Else Backup Mode (SS) and HAI (ledset: yellow, vibromotorset: 450Hz, once), Else OperStop (Category 1), HAI (ledset: red, vibromotorset: 650Hz, constant) If R2 is " true", then go to SwitchToM2. Otherwise EmergStop (Category 1) and HAI (leds: red, vibromotors: 650 Hz, constant) If R1 is "true", then SS1. Else Backup Mode (SS) HAI (ledset: yellow, vibromotorset: 450Hz, once), Else OperStop (Category 1), HAI (ledset: red, vibromotorset: 650Hz, constant) If L1 is "true ", then pass SwitchToM1.

Safety criteria for the robot-related and distance-related parameter definition were taken from the example given in the tab.

Case Study Scenario Modeling

• Task Description
• Robot Trajectory Planning and Safety Criteria Evaluation
• Safety Expert System Assessment and Safety Modes Evaluation

Analysis has been provided with the assumption that the scanning process is performed at three locations (points): P1, P2 and P3 (see Fig.7.5) The robotic human approaching "safe" configurations is defined as shown in Fig.

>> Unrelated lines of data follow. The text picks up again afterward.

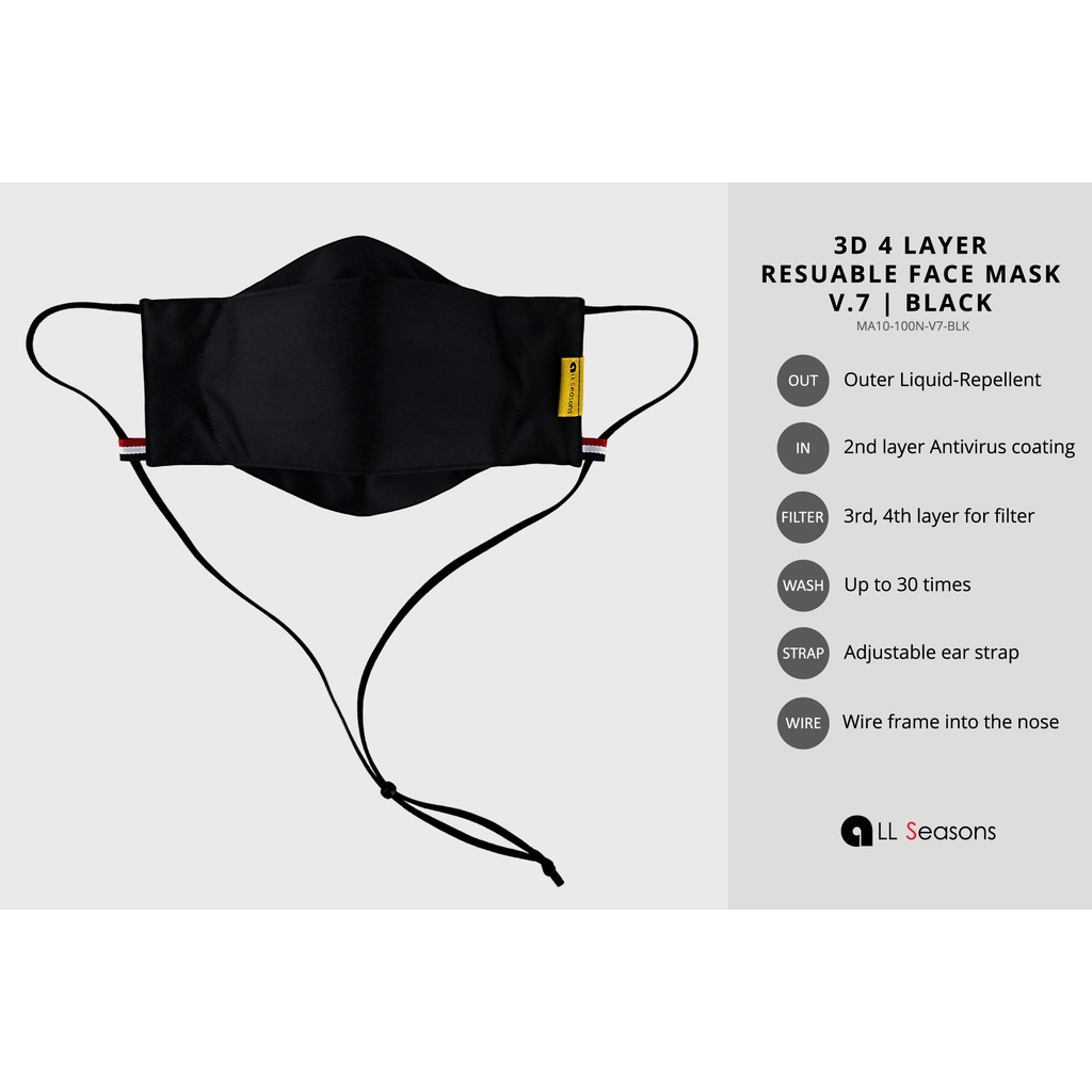 แมส ผ้าปิดจมูก ปิดปาก ทรง 3D 4ชั้น กันน้ำ พร้อมสายคล้องคอ ซักใช้ซ้ำได้ มี9สี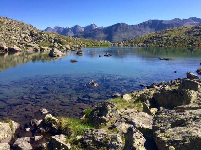 Volím cestu nad údolím řeky Gurgler Ache. A bylo to správné rozhodnutí. (V této části bylo totiž víc možností.) Za 1 hod 40 min vystoupám 900 m k jezeru Nedersee (2400 m). Je krásně, nefouká, nikdo tu není, tak se rozhoduju chvíli zůstat. Přeperu kompresní podkolenky, kraťasy a triko. Koupu se. Pak se trochu sluním. Po 45 min opět vyrážím.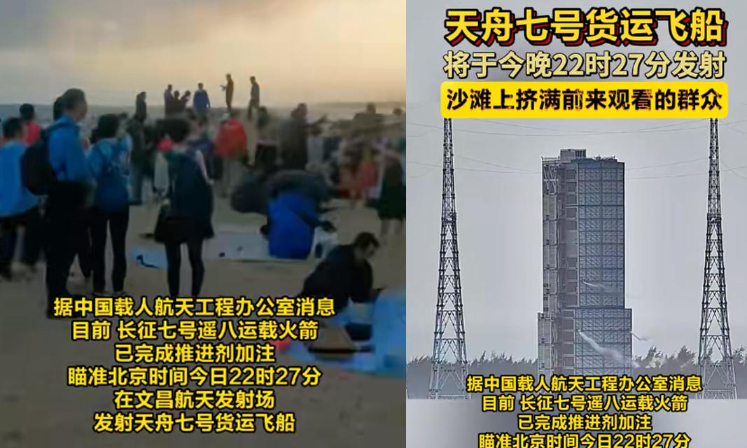 天舟七号货运飞船将于1月17日22时27分发射,沙滩上挤满前来观看的群众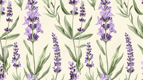 Lavender Flowers and Green Leaves Pattern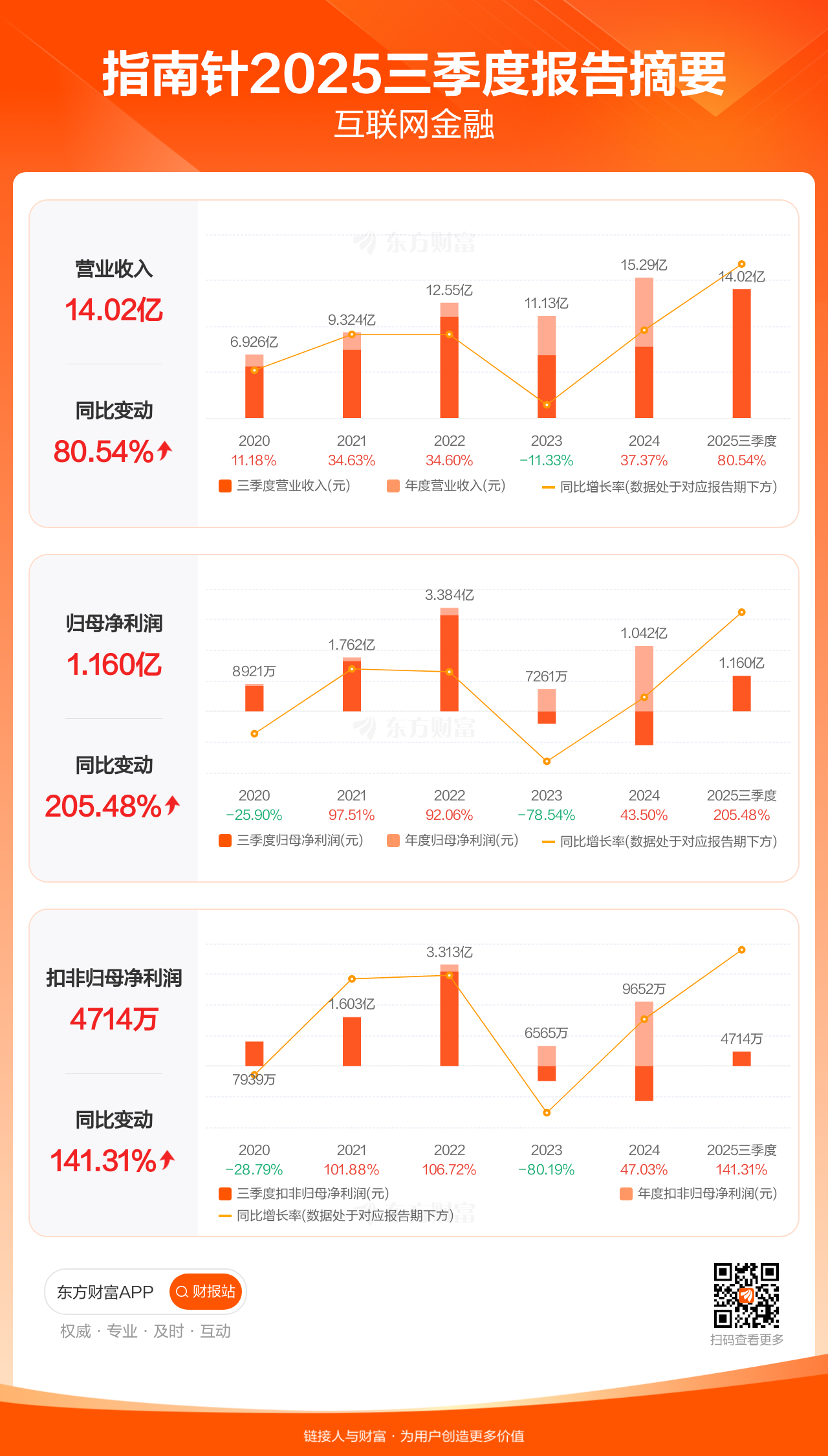 指南针10月25日发布2025年三季报显示,公司前三季实现营业收入14.02亿元,同比增长80.54%;归母净利润1.16亿元,同比增长205.48%;扣非归母净利润4713.82万元,同比增长141.31%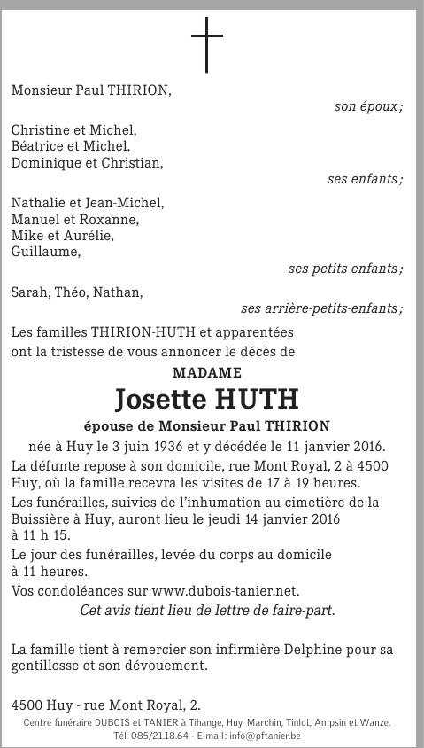 Décédée à Huy (4500) le lundi 11 janvier 2016 à l'âge de 79 ans
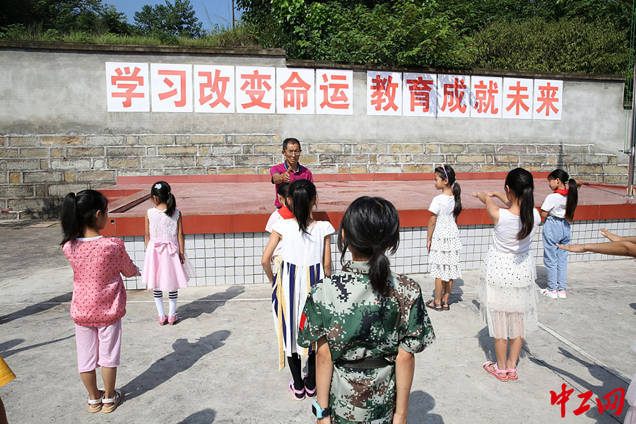 9月7日,四川内江,在东兴区郭北镇亢家村小学校,曾会章正在给学生上体育课。(来源:视觉中国)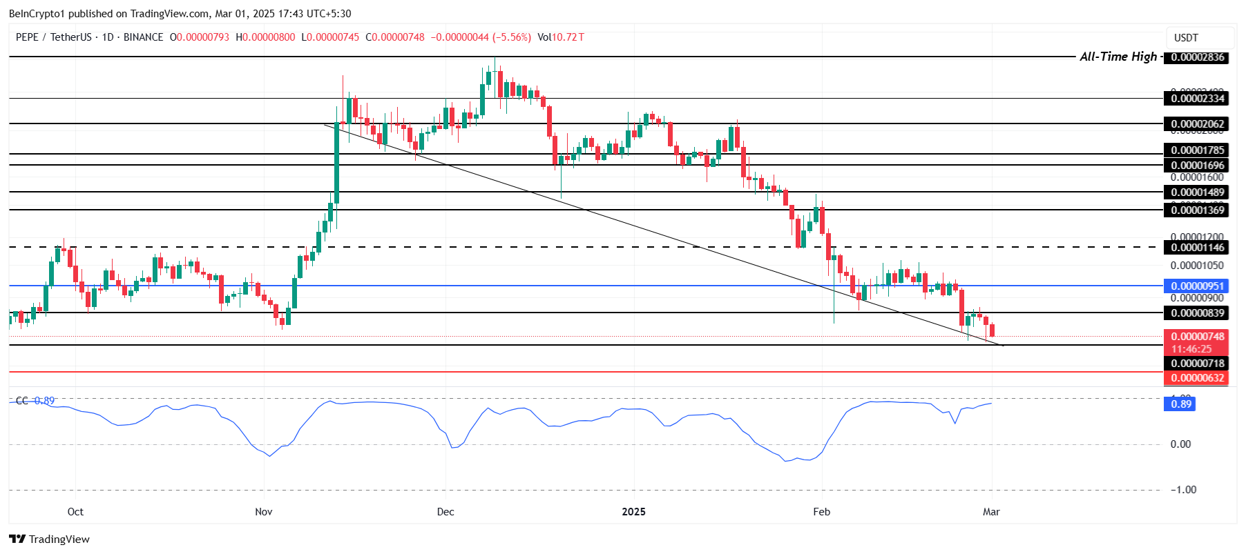 PEPE jatkaa laskutrendiään, käyden kauppaa hintaan 0,00000718 dollaria aloitettuaan tämän laskun marraskuussa 2024. Altcoinin hinta on edelleen paineen alla, mutta tilanne voi muuttua. Erityisesti PEPE:llä on vahva 0,89 korrelaatio Bitcoiniin, mikä voi luoda edellytykset palautumiselle, jos BTC elpyy.

In the robot motion planning, to avoid violating the safety criteria, the continuous move from point to point must be performed with the linear interpolation. The majority of the security systems are already embedded in the KUKA robot and control system.

Transition is only allowed between modes M2 and M3 according to the flow diagram shown in fig.

Conclusion

Thesis Summary and Contributions

The main basis for the estimates is a modeling of human-robot collisions, the thresholds for head injury (cranial fracture, pain) and the likelihood of serious injury occurring. A metric formulated for hazard level estimation in the human-robot interaction domain for use in path planning and control strategies. The safety mode controller is integrated into the overall safety system as an independent unit that makes it possible to ensure the reliability of the decision-making procedure.

The safety mode regulator is integrated into the entire safety system as an independent unit and is intended to ensure the reliability of the decision-making process.

Future work

Hirzinger, The Role of Robot Mass and Velocity in Physical Human-Robot Interaction – Part I: Open Unconstrained Effects, in IEEE International Conference on Robotics and Automation (ICRA), Pasadena, USA, 2008. Hirzinger, The Role of Mass and robot speed in physical human-robot interaction - Part II: Open unconstrained influences, in Proc. Burdick, Dynamic Exact Model and Inertial Parameters of the PUMA 560 Arm Robotics and Automation, Cont.

The Task worksheet consists of groups of tasks (Task n), defined for each interaction level (Ln) and performance description.